### REQUIREMENT
The copy must hold every line from the one with "موقع احترافي لإنشاء" through the end of the listing, word for word, and must hold no pictures.

### STORED DATA
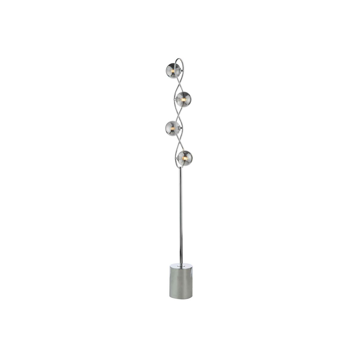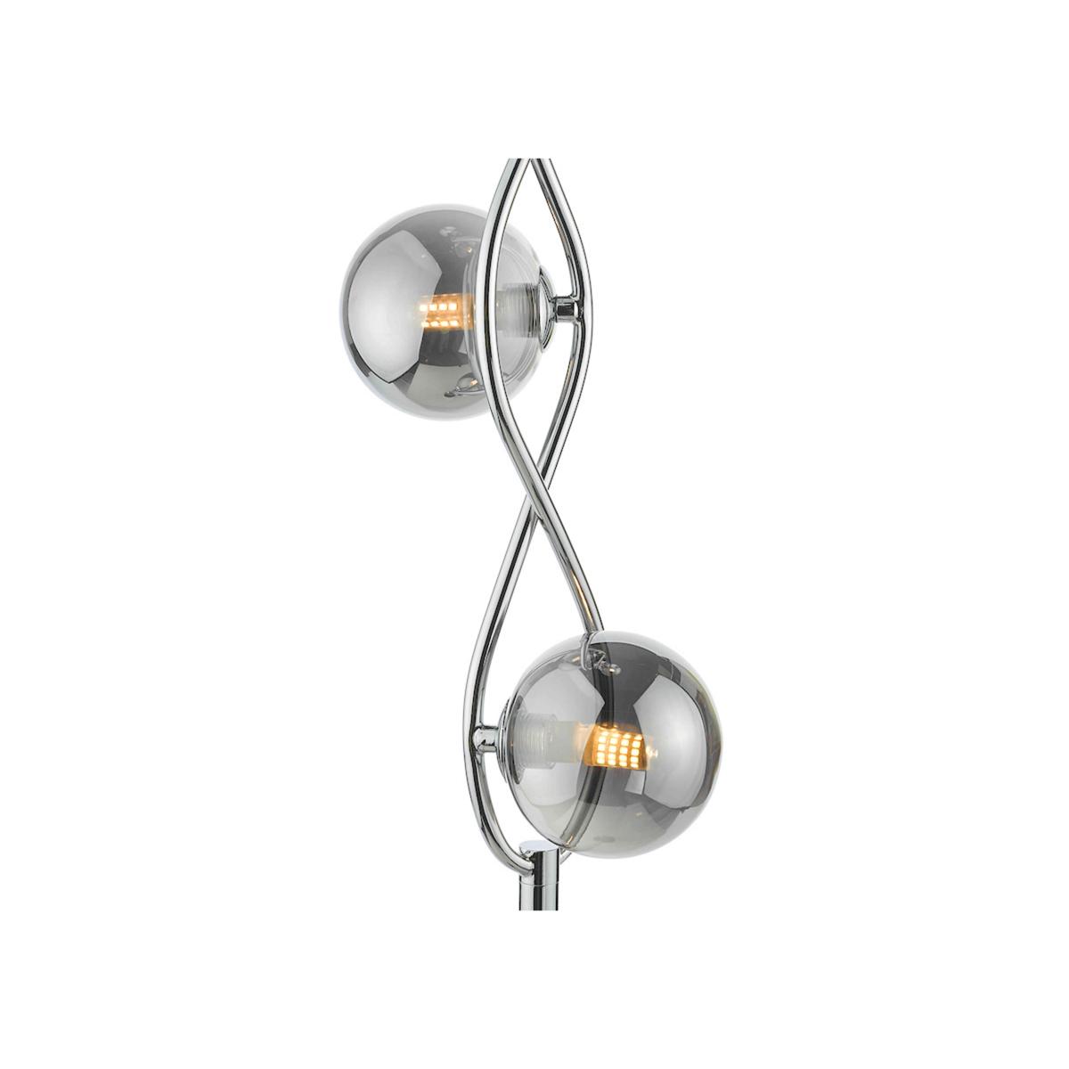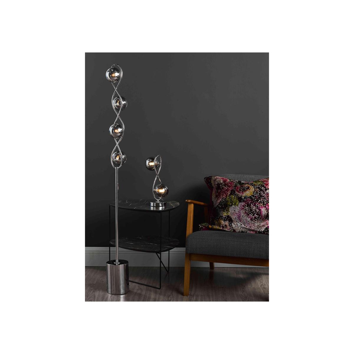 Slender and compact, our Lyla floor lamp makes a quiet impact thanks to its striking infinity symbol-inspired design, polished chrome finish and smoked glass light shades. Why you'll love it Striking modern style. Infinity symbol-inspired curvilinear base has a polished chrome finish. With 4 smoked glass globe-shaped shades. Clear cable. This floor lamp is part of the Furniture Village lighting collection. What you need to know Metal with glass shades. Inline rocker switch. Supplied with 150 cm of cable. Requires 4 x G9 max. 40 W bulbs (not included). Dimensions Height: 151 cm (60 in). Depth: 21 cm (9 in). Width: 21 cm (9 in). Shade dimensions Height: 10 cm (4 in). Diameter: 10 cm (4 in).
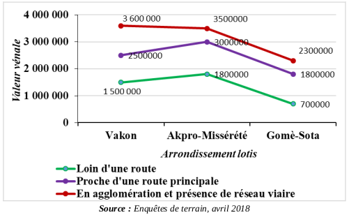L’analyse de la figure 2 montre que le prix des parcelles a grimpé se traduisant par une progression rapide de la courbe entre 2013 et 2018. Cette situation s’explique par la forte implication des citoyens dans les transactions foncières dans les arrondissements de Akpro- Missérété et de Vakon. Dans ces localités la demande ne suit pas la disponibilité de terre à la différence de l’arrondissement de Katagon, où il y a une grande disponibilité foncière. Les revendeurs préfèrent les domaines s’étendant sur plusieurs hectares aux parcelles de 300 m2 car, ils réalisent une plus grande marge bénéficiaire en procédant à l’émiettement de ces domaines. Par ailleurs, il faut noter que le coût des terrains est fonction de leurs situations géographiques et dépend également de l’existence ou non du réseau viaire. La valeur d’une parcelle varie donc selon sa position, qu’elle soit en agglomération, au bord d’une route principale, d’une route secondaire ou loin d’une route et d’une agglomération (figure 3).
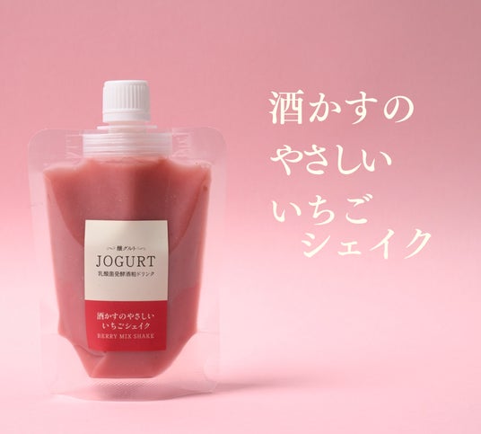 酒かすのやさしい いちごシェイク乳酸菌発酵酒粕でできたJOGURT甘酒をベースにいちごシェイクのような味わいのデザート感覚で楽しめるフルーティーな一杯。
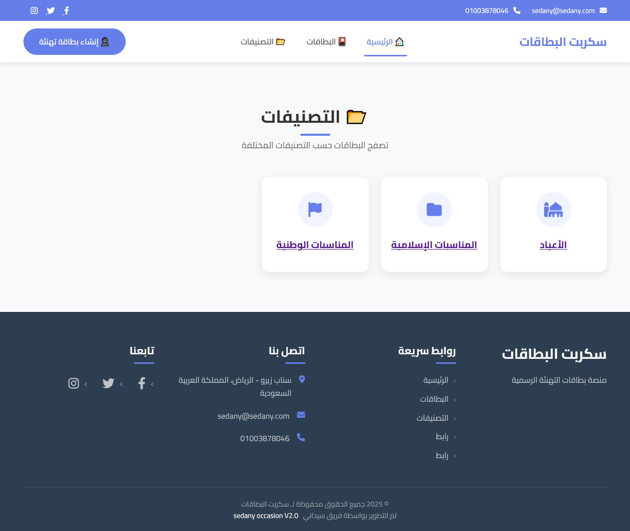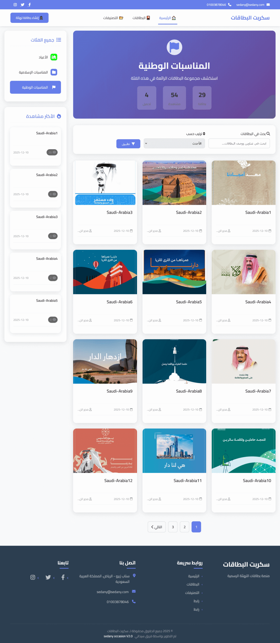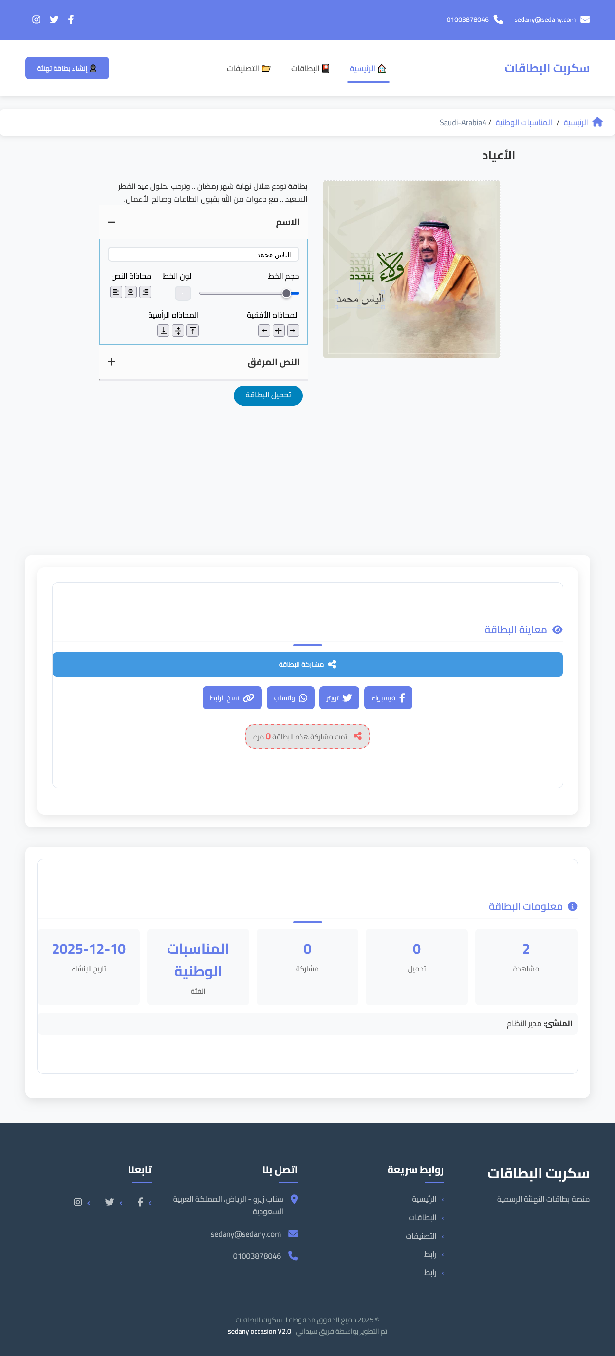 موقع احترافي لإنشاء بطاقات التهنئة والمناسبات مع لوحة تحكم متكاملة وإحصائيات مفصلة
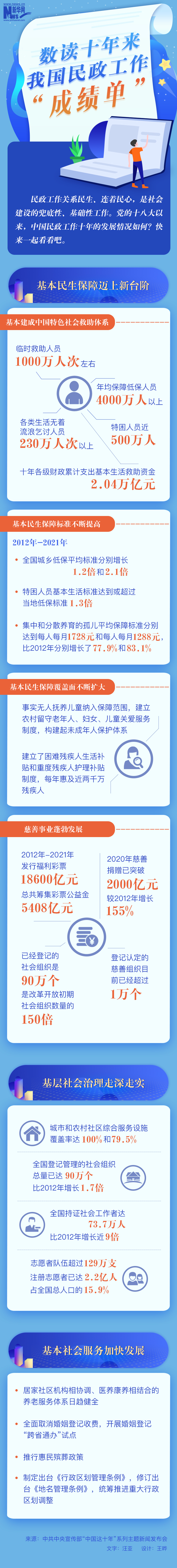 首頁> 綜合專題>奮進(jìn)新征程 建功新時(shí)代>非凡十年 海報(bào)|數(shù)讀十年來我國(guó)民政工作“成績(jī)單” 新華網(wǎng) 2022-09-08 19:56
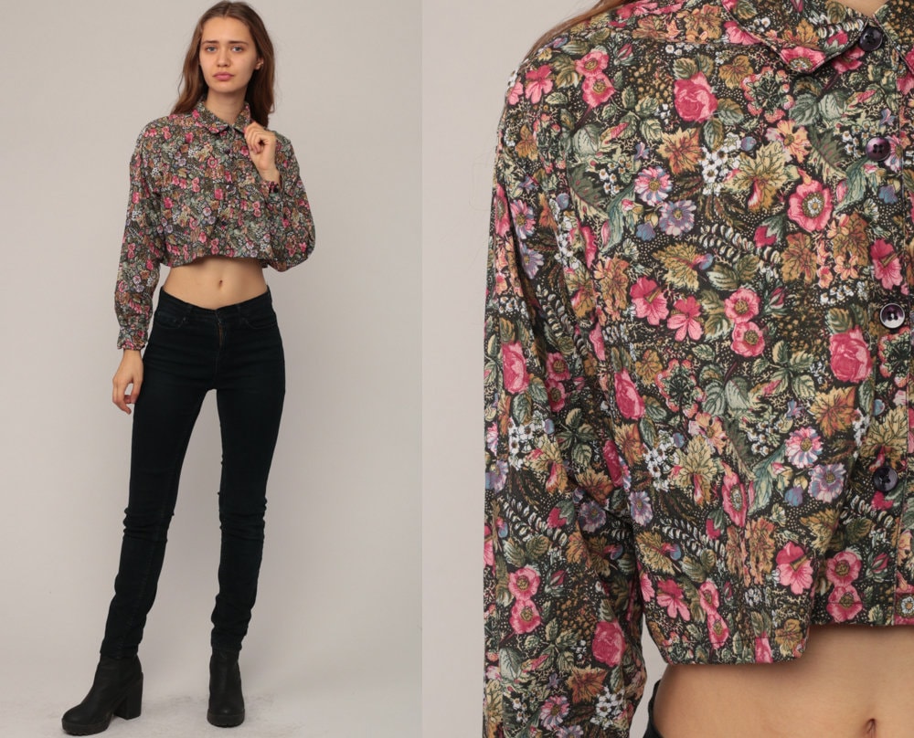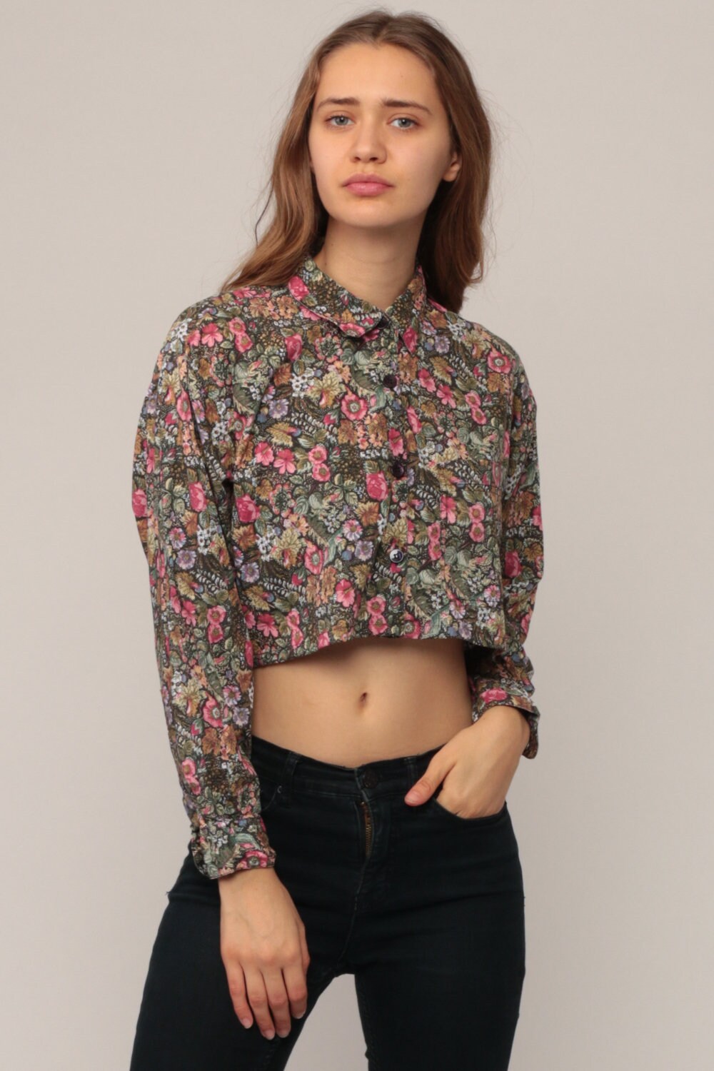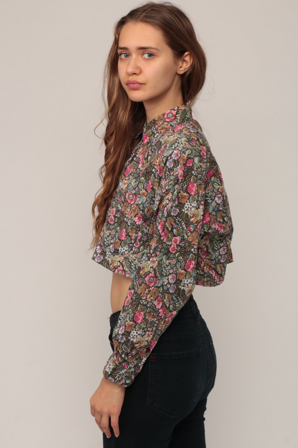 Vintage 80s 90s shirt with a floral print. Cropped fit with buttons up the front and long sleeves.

### OUTPUT
 موقع احترافي لإنشاء بطاقات التهنئة والمناسبات مع لوحة تحكم متكاملة وإحصائيات مفصلة
 首頁> 綜合專題>奮進(jìn)新征程 建功新時(shí)代>非凡十年 海報(bào)|數(shù)讀十年來我國(guó)民政工作“成績(jī)單” 新華網(wǎng) 2022-09-08 19:56
 Vintage 80s 90s shirt with a floral print. Cropped fit with buttons up the front and long sleeves.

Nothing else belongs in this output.